Wyoming is one of the states where a delegate could go to jail if he or she attempted to vote on a matter beyond the scope of the call. At the same legislative session where HJR 2 (the balanced budget measure) was adopted, the Wyoming legislature also adopted House Enrolled Act 123, now codified as Wyo. Stat. § 9-22-101 et seq. Specifically, § 9-22-102 provides that “No delegate [to an Article V convention] shall have authority to vote to allow consideration of, or to approve, an unauthorized amendment for ratification to the United States constitution.” The term “unauthorized amendment” means “a proposed amendment that is outside the permitted subject matter contained in the article V application or contrary to legislative instructions.” In other words, the Wyoming delegation is required, by law, not to “run away” even if the rest of the convention might try to.
Just to be sure that this limitation has teeth, § 9-22-102 further provides that any vote made in violation of this limitation “shall be null and void” and the delegate shall be immediately replaced by a new delegate.
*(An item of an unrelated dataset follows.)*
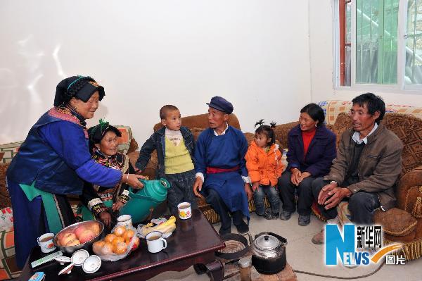 2008年5月12日四川汶川大地震突然襲來,在家忙著收拾家務的理縣甘堡鄉日爾腳村村民王富貴,頓感天眩地轉、站立不穩,本能地跳出房屋,循著救命的呼喊將鄰居楊志蘭家祖孫三口救出。他不顧自己的傷情,馬上挨家搜救,又救出了三郎班卓等村民。 5月8日,臨近地震兩周年紀念日,王富貴在自己的新家迎來了當年被自己搭救的楊志蘭和她的孫兒、孫女、三郎班卓和她的丈夫王海清,談起這段往事,楊志蘭和三朗班卓泣不成聲,說:忘不了,忘不了,忘不了你的救命之恩!這是王富貴(左一)和被救的三郎班卓(右一)及楊志蘭祖孫三人(5月8日攝)。 新華社記者 何俊昌 攝

Finally, to add suspenders to those two belts, the delegate who illegally voted on a matter other than the purpose for the convention “shall be guilty of a felony punishable by imprisonment for not more than five (5) years, a fine of not more than ten thousand dollars ($10,000.00), or both.”
Wyoming is not alone in enacting such limitations on the authority of delegates to an Article V convention. I did some quick research and found eight additional states with similar restrictions: Florida, Georgia, Indiana, North Dakota, South Dakota, Tennessee, Texas and Utah. (Notice how “red” those states are.) Many of them also make “unauthorized voting” a felony, while others just say those votes would be void and the delegates casting the votes will be dismissed from the delegation. Together with Wyoming, that makes nine states (so far) that are legally prohibited, by statute, from “running away.” (A similar measure is now pending in Wisconsin, and perhaps other states, as well.)
So if an Article V convention were held, it would need a majority of states to agree before it could “run away.” We can be certain that at least these nine states could never join that movement. Which makes the prospect of a runaway convention even more unlikely.
In short, none of the fears that Drake tries to whip up in his column stand up to scrutiny. There may be legitimate policy reasons to object to a balanced budget amendment (in fairness, Drake does hint at several). Drake’s cause would be much better served by arguing about the merits of the balanced budget amendment, rather than by stoking irrational fears, making exaggerated claims, and completely misrepresenting the process by which the amendment is to be proposed.
Ken Chestek is an Associate Professor of Law at the University of Wyoming College of Law, and chair of the nonpartisan group Wyoming Promise. The views he expresses in this column are his alone.